Bila dibedakan menurut fungsinya, ada delapan tipe dari bendungan antara lain :

  1. Bendungan pengelak pendahuluan yaitu bendungan yang awalnya didirikan di sungai ketika debit air rendah supaya lokasi di mana bendungan pengelak akan dibangun kering terlebih dahulu sehingga memungkinkan pembuatan konstruksi secara teknis.
  2. Bendungan pengelak adalah bendungan yang berfungsi untuk mengelakkan aliran air, di mana bendungan ini dibuat setelah proses pembuatan bendungan pengelak pendahuluan selesai.
  3. Bendungan utama yakni bendungan yang dirancang sedemikian rupa untuk memenuhi suatu tujuan tertentu.
  4. Bendungan sisi ialah bendungan yang berguna untuk mendukung peran dari bendungan utama, di mana bendungan ini terletak di sisi sebelah kiri dan kanan bendungan utama.
  5. Bendungan di tempat rendah adalah bendungan yang dibangun untuk mencegah keluarnya air dari waduk agar tidak mengalir ke lingkungan sekitar. Bendungan ini biasanya berada di tepi waduk yang terletak cukup jauh dari bendungan utama.
  6. Bendungan tanggul ialah bendungan yang juga berfungsi untuk membantu kegunaan bendungan utama. Bendungan ini dibuat di sisi kiri atau kanan bendungan utama dengan jarak yang cukup jauh, serta memiliki ukuran tinggi 5 m dan panjang 5 kali tingginya.

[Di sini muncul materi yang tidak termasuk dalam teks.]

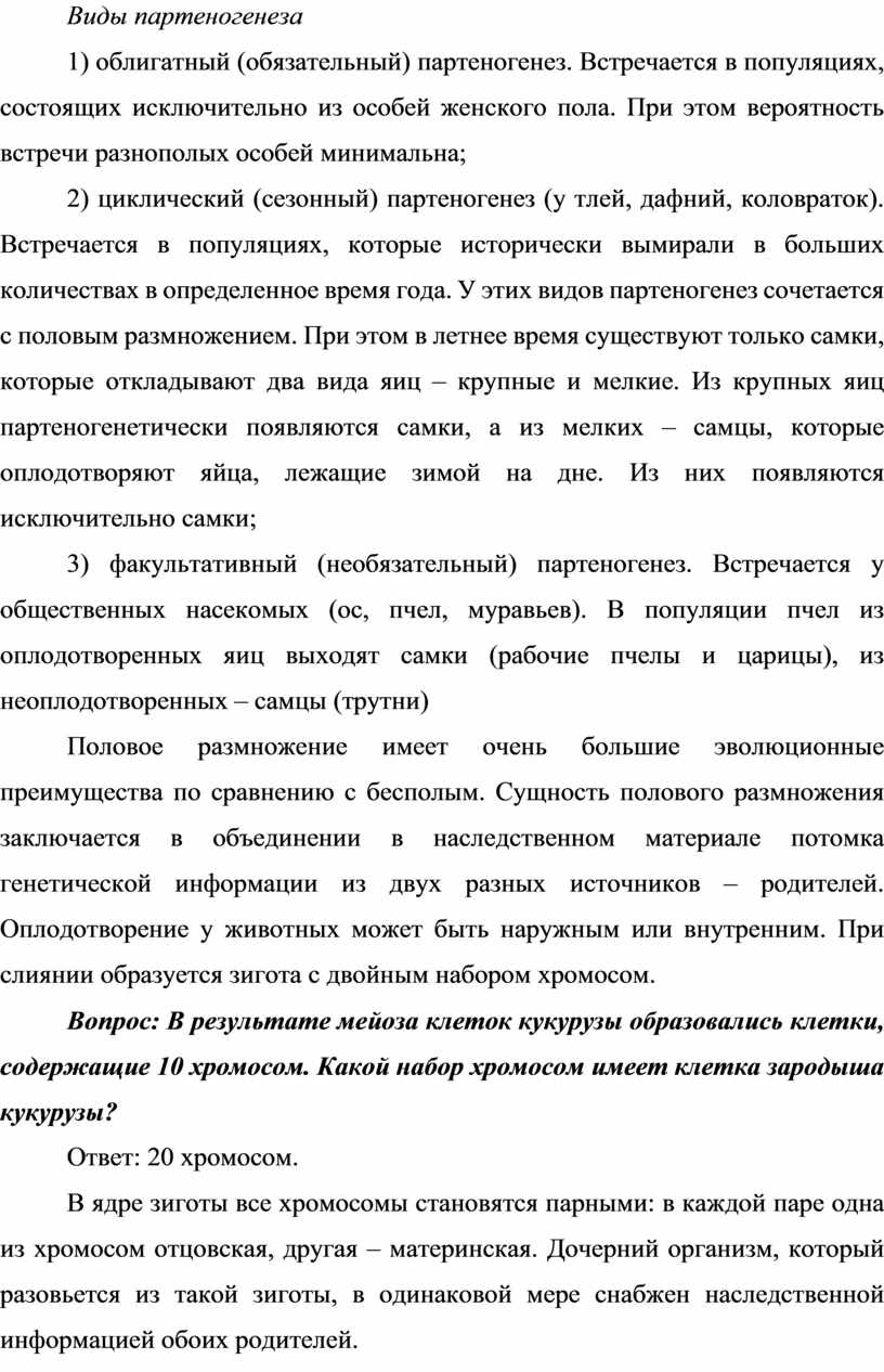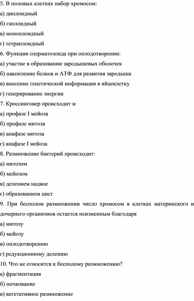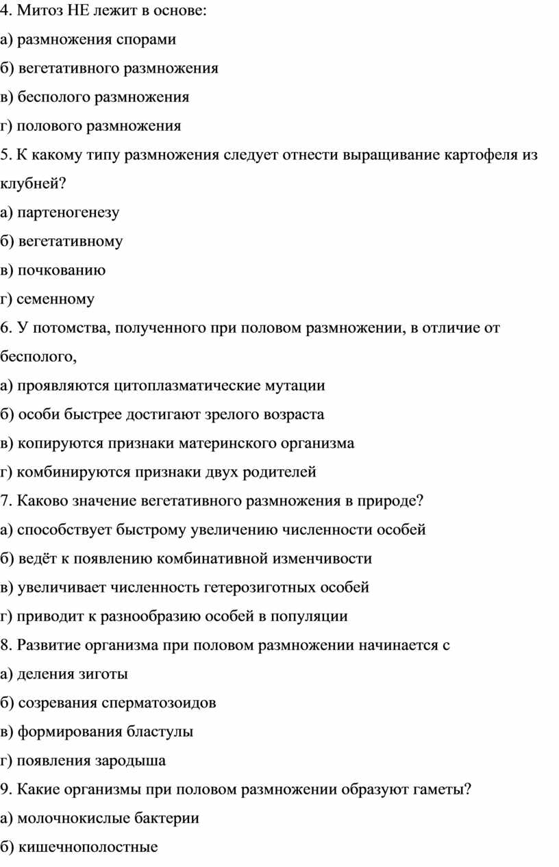 9. При бесполом размножении число хромосом в клетках материнского и дочернего организмов остается неизменным благодаря

  7. Bendungan limbah industri yakni bendungan yang berguna untuk menahan lembah cair yang berasal dari industri. Bentuk dari bendungan ini berupa timbunan yang dibangun secara bertahap.
  8. Bendungan pertambangan yaitu bendungan yang mempunyai kegunaan sebagai penahan hasil galian pertambangan. Pada umumnya, bendungan ini dibuat dengan memanfaatkan material yang ada di sekitar area pertambangan dan dibentuk menyerupai timbunan secara bertahap.
  9. Jalan Air

Sementara itu, pembagian bendungan berdasarkan jalan air terdiri dari bendungan untuk dilewati air dan bendungan untuk menahan air. Suatu bendungan bisa dikatakan sebagai bendungan untuk dilewati air apabila bendungan tersebut memang sengaja dibangun untuk dilewati air. sebagai contoh yaitu bendungan yang terdapat pada bangunan pelimpah. Sedangkan bendungan untuk menahan air adalah bendungan yang berfungsi untuk menahan air serta sama sekali tidak boleh dilewati air.